One in an occasional series of posts looking at the most important number in politics; check out past “MINP’s” here.


A single number in the new CNN/Opinion Research Corporation poll released this morning epitomizes the challenge before former Massachusetts governor Mitt Romney when it comes to Texas Gov. Rick Perry.

Texas Governor and Presidential hopeful Rick Perry, gives a "thumbs up" sign to supporters as he leaves a town hall meeting hosted by Rep. Tim Scott, R-S.C., at Horry-Georgetown Technical College on Monday Sept. 5, 2011 in Conway, S.C. (AP Photo/Willis Glassgow)

Asked which of the Republican candidates had the best chance of beating President Obama next November, 42 percent chose Perry while 26 percent named Romney. No other candidate won double-digit support.

Couple those numbers with the fact that three-quarters of Republicans in that same poll say they prefer a candidate who can beat Obama to one that agrees with them on every issue and you begin to see the shape of Romney’s potential problem.

Romney is never going to be the “heart” candidate of the Republican field. He is never going to be the person that the GOP base will walk over hot coals for in the way that a Perry or perhaps even a Rep. Michele Bachmann (Minn.) or former Alaska governor Sarah Palin might be.

To win the nomination then, Romney has to win the “head” fight; he must emerge as the candidate that Republicans, who badly want to beat Obama, believe is best equipped to do just that.

That reality is why Romney has gone so hard at Perry’s “Ponzi scheme” comments about Social Security in last week’s California debate, using by far his harshest language in the race to date to condemn the remarks.

“If we nominate someone who the Democrats can correctly characterize as being opposed to Social Security, we will be obliterated as a party,” Romney told Sean Hannity during a radio interview late last week. (So much for subtlety!)
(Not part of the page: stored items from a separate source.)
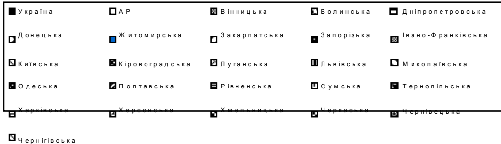
Рис. 2. Частка збиткових підприємств у загальній кількості підприємств у 2009 р.

Найбільше збиткових підприємств у 2009 році було в таких областях України, як: Волинська (53,5 %), Запорізька (49,8 %), Чернігівська (47,2 %), Житомирська (46,7 %). Найменше підприємств, що отримали збиток, у Закарпатській області (28,7 %) та Хмельницькій (29,7 %). Водночас у цих регіонах спостерігається менша кількість зайнятого населення. Це може бути наслідком ліквідації менш стійких підприємств у рік економічної кризи [3].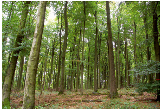
Abb. 10: Auch die Buchenwälder sind vom Klimawandel betroffen.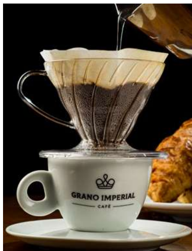
Café Coado na V60

Grano Imperial café é uma mistura de regiões e processos de secagens diferentes. Sul de Minas, Cerrado Mineiro e Alta Mogiana. E leva a assinatura do Farinha Pura.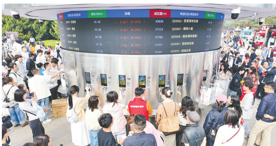
太平路与中山路交叉口的啤酒交易中心吸引游客。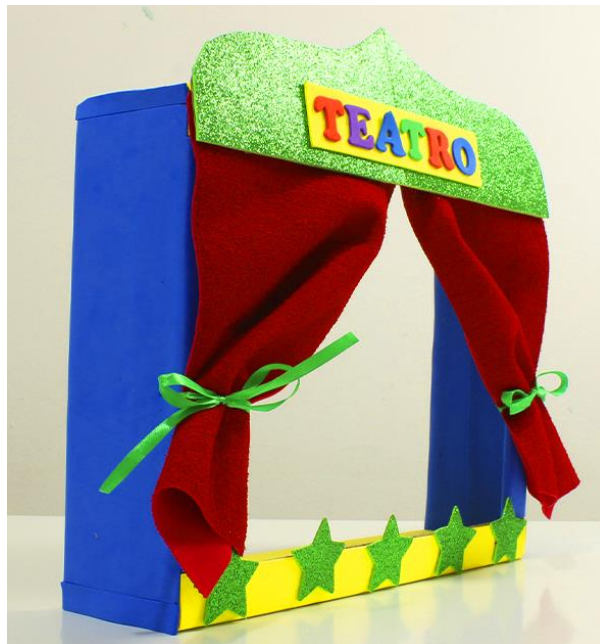
Figura 3 Teatrino.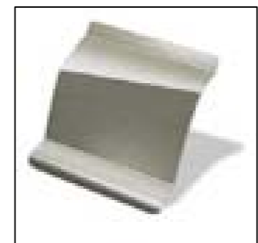
Sporty Silver - KXA (metalizata)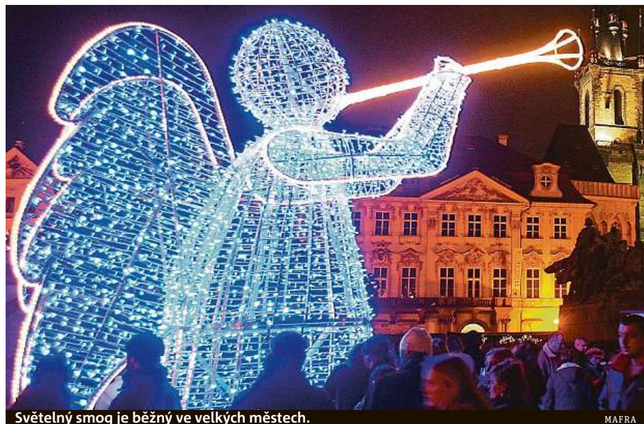
Světelný smog je běžný ve velkých městech.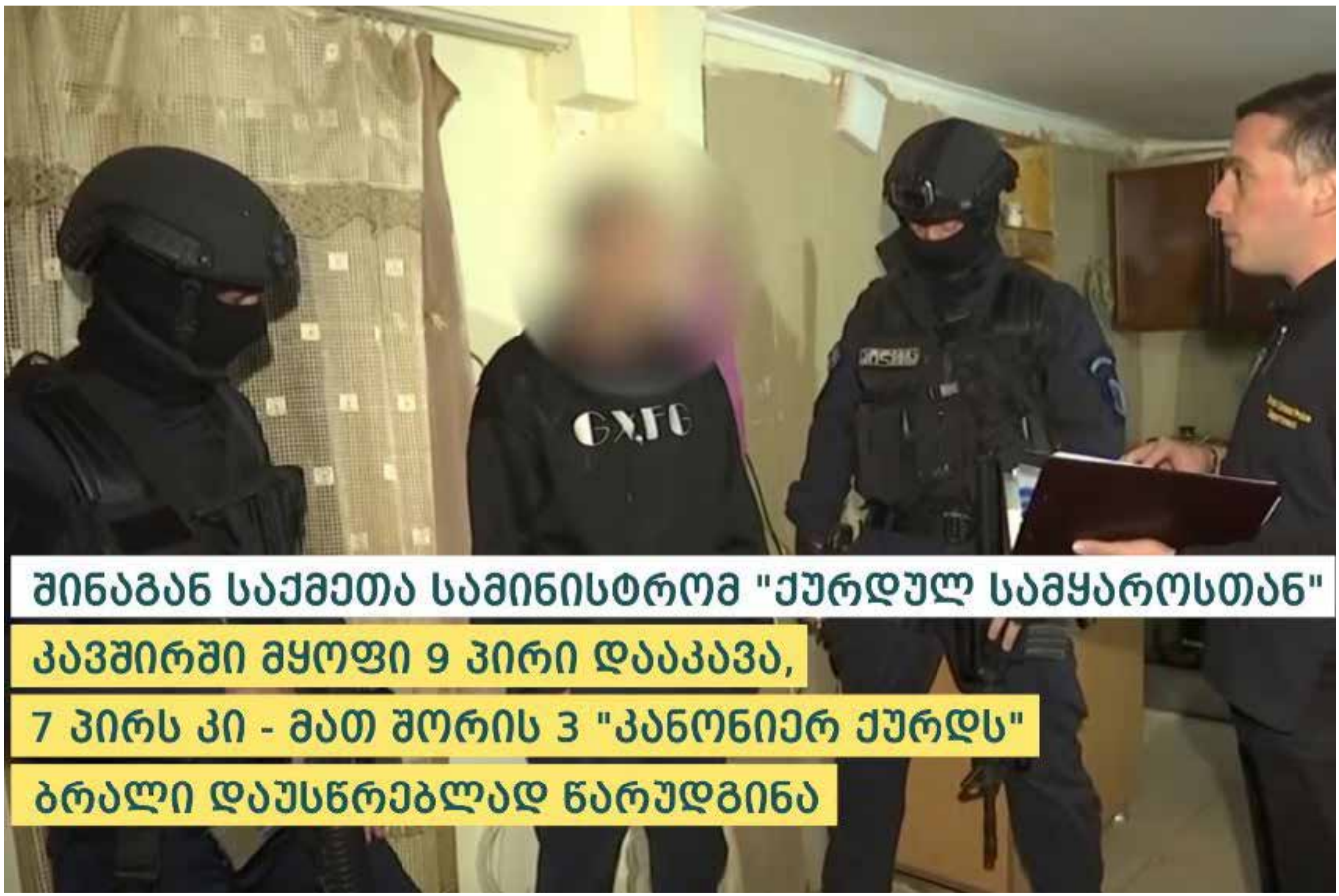
შინაგან საქმეთა სამინისტრომ "ქურდულ სამყაროსთან" კავშირში მყოფი 9 პირი დააკავა, 7 პირს კი - მათ შორის 3 "კანონიერ ქურდს" ბრალი დაუსწრებლად წარუდგინა

ცეცხლსასროლი იარაღისა და საბრძოლო მასალის მართლსაწინააღმდეგო შექმნა-შენახვის და ტარების ფაქტებზე გამოძიება საქართველოს სისხლის სამართლის კოდექსის 236-ე მუხლის მე-3 და მე-4 ნაწილებით მიმდინარეობს.

The CNN polling shows that the attack isn’t working — yet. The poll was in the field in the immediate aftermath of the debate in California where Social Security was a point of contention but not the sole focus of the conversation.

Romney and his campaign team are likely to continue going hard at the issue in tonight’s debate and beyond, trying to raise doubts in voters’ minds about Perry’s strength in a general election. It’s their best shot of slowing or stopping the considerable momentum that Perry has built over the past month.

The question is whether Perry moderates his stance on Social Security — either tonight or some time in the near future — or whether he decides to stick with what he’s said in the past under the belief that it won’t hurt him badly with voters.

Put simply: If in a month’s time Perry’s lead on the electability question remains roughly what it is today, Romney could be in serious trouble.